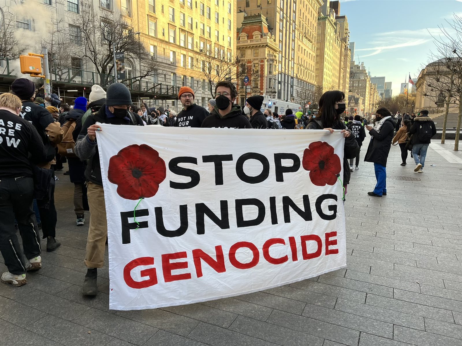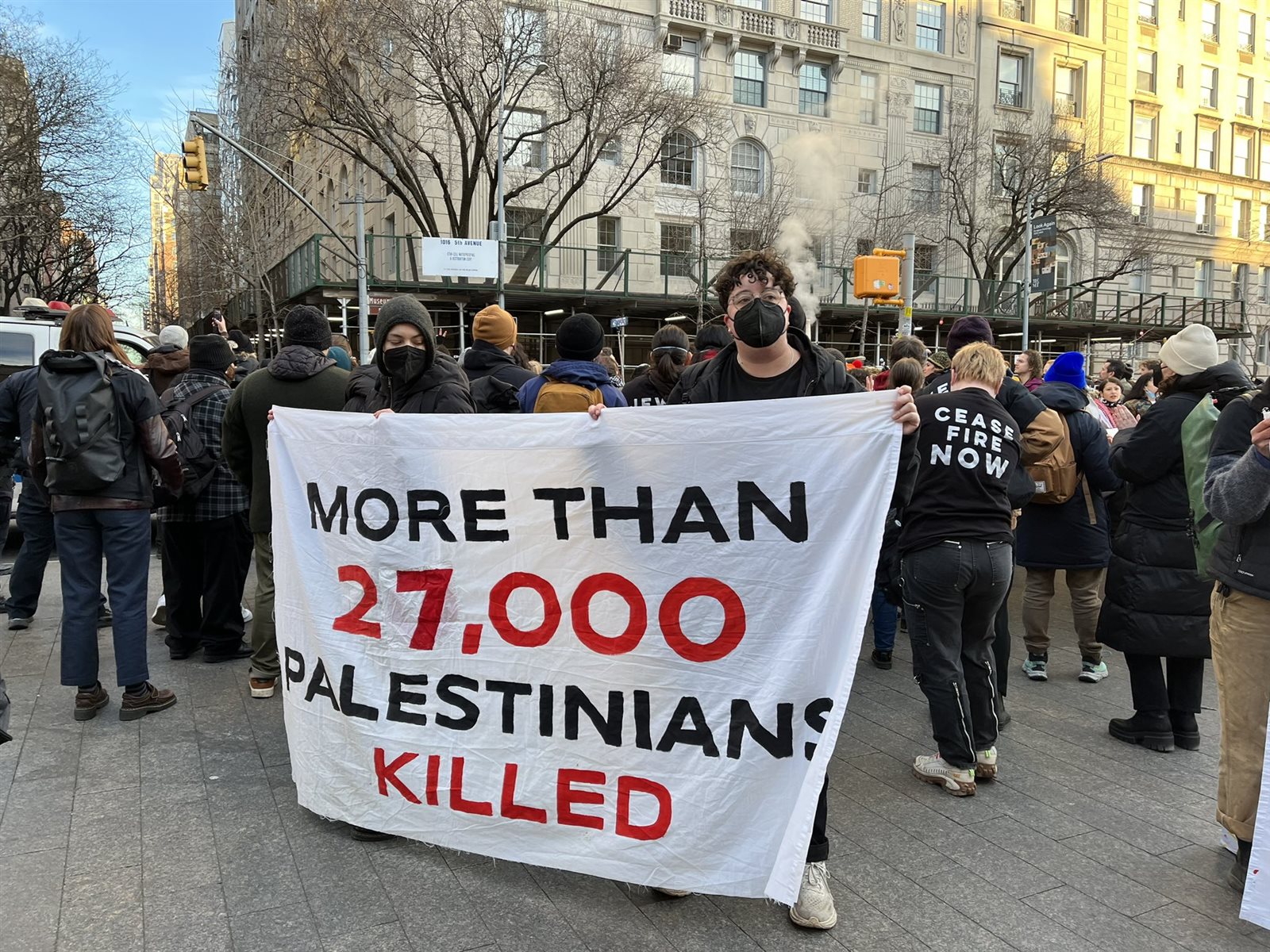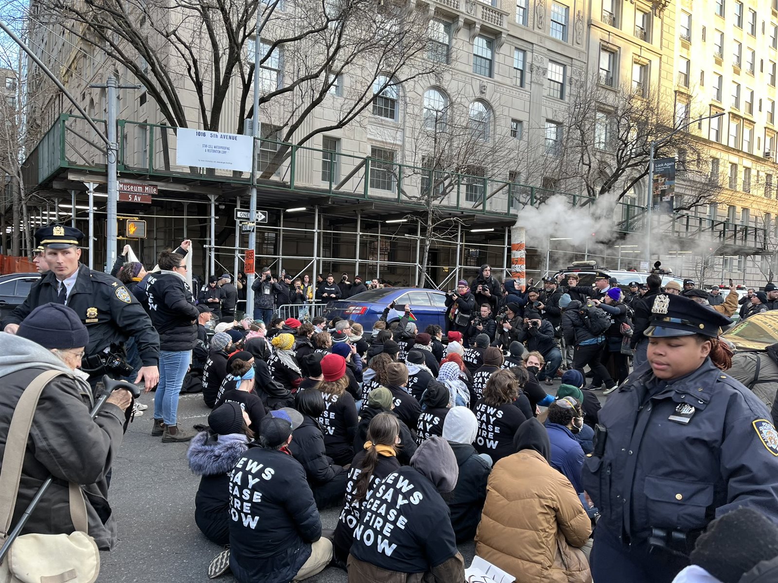 وقادت مجموعة الصوت اليهودي من أجل السلام (JVP) مظاهرة الجانب الشرقي العلوي من المدينة، حيث جلس النشطاء في تقاطع الجادة الخامسة والشارع 82، حيث كان بايدن يحضر حملة لجمع التبرعات في مكان قريب.
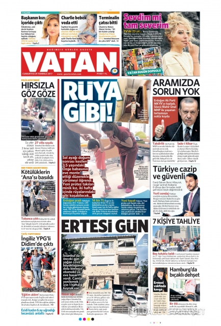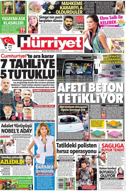 Gazete manşetleri (29 Temmuz 2017)
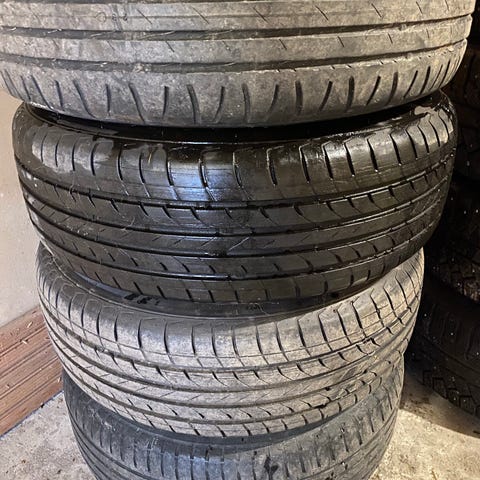 Myydään kuvan autonrengassarja pomarkussa.Olleet opel omega farmarissa.
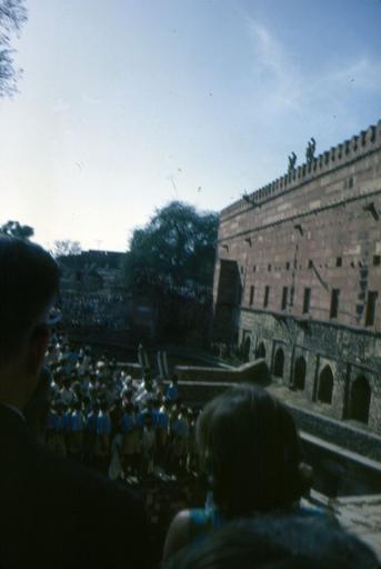 Keywords: First Lady Jacqueline Kennedy Tours Fatehpur Sikri in India (8).jpg en First Lady Jacqueline Kennedy in foreground back to camera watches divers jump into a pool of water from the top of Victory Gate at the 16th-century Mughal city of Fatehpur Sikri in Uttar Pradesh India 1962-03-15 http //www jfklibrary org/Asset-Viewer/Archives/JFKWHP-1962-03-15-H aspx Cecil Stoughton other versions PD-USGov Jacqueline Kennedy Onassis in India Fatehpur Sikri in the 1960s Uploaded with UploadWizard Buland Darwaza |
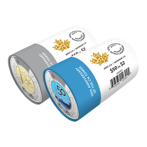 - Two rolls, two different versions. Each Special Wrap Roll contains 25 of Canada’s 50th Anniversary of the CN Tower $2 coin, which comes in two different versions: non-colourized, and with selective colour. This two-roll set gives you one roll of each version!
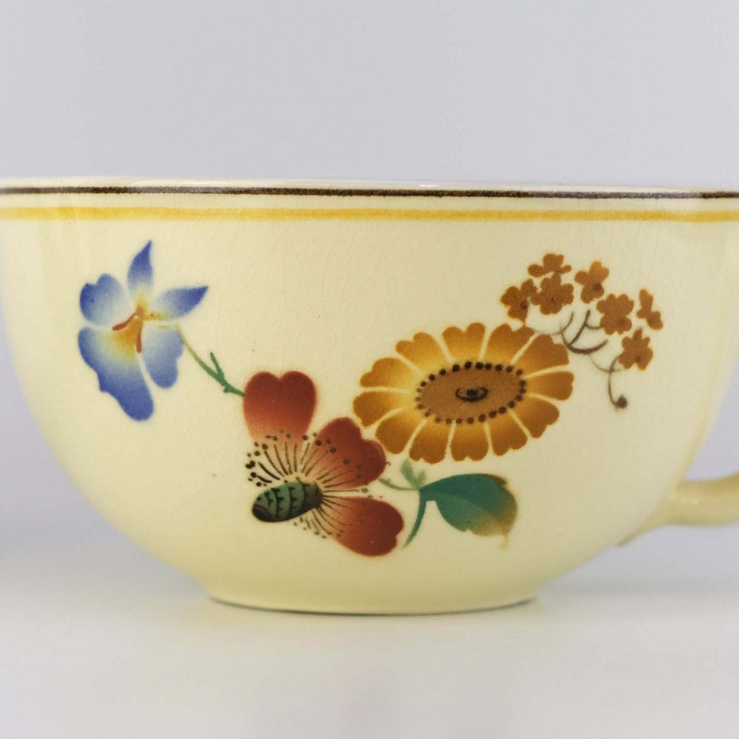 Stel i glat gul fajance med dekoration af farverige og forskelligartede blomster samt med gul og sort kantstreg.
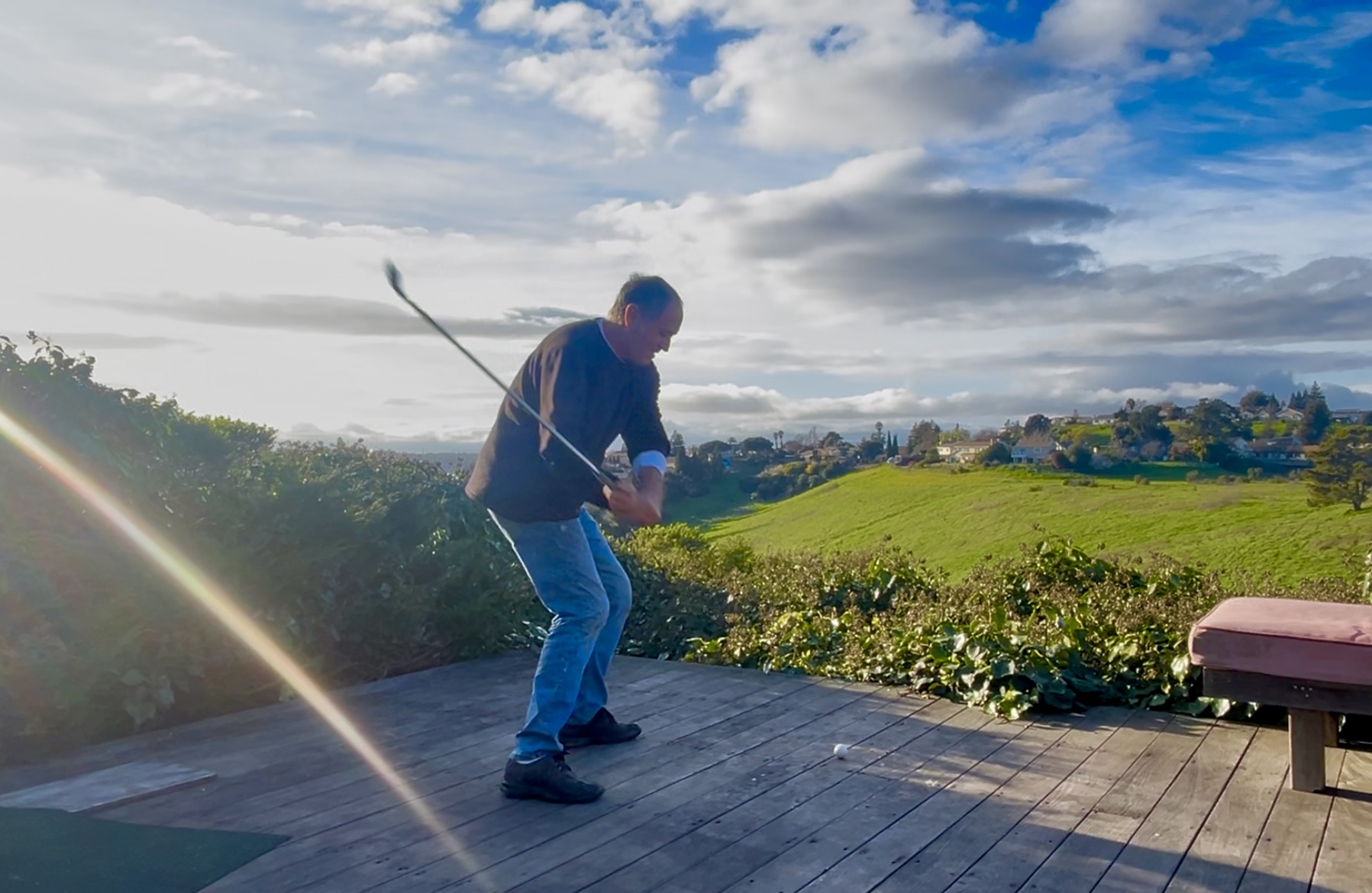 Then we took them out back to the deck and I got to watch him flush a bunch of 3 irons in a row. Put a good swing on them and they move the ball out there just fine!

--------

Brief >> Return the listing verbatim, pictures excluded.

Answer for the task >>
 وقادت مجموعة الصوت اليهودي من أجل السلام (JVP) مظاهرة الجانب الشرقي العلوي من المدينة، حيث جلس النشطاء في تقاطع الجادة الخامسة والشارع 82، حيث كان بايدن يحضر حملة لجمع التبرعات في مكان قريب.
 Gazete manşetleri (29 Temmuz 2017)
 Myydään kuvan autonrengassarja pomarkussa.Olleet opel omega farmarissa.
 Keywords: First Lady Jacqueline Kennedy Tours Fatehpur Sikri in India (8).jpg en First Lady Jacqueline Kennedy in foreground back to camera watches divers jump into a pool of water from the top of Victory Gate at the 16th-century Mughal city of Fatehpur Sikri in Uttar Pradesh India 1962-03-15 http //www jfklibrary org/Asset-Viewer/Archives/JFKWHP-1962-03-15-H aspx Cecil Stoughton other versions PD-USGov Jacqueline Kennedy Onassis in India Fatehpur Sikri in the 1960s Uploaded with UploadWizard Buland Darwaza |
 - Two rolls, two different versions. Each Special Wrap Roll contains 25 of Canada’s 50th Anniversary of the CN Tower $2 coin, which comes in two different versions: non-colourized, and with selective colour. This two-roll set gives you one roll of each version!
 Stel i glat gul fajance med dekoration af farverige og forskelligartede blomster samt med gul og sort kantstreg.
 Then we took them out back to the deck and I got to watch him flush a bunch of 3 irons in a row. Put a good swing on them and they move the ball out there just fine!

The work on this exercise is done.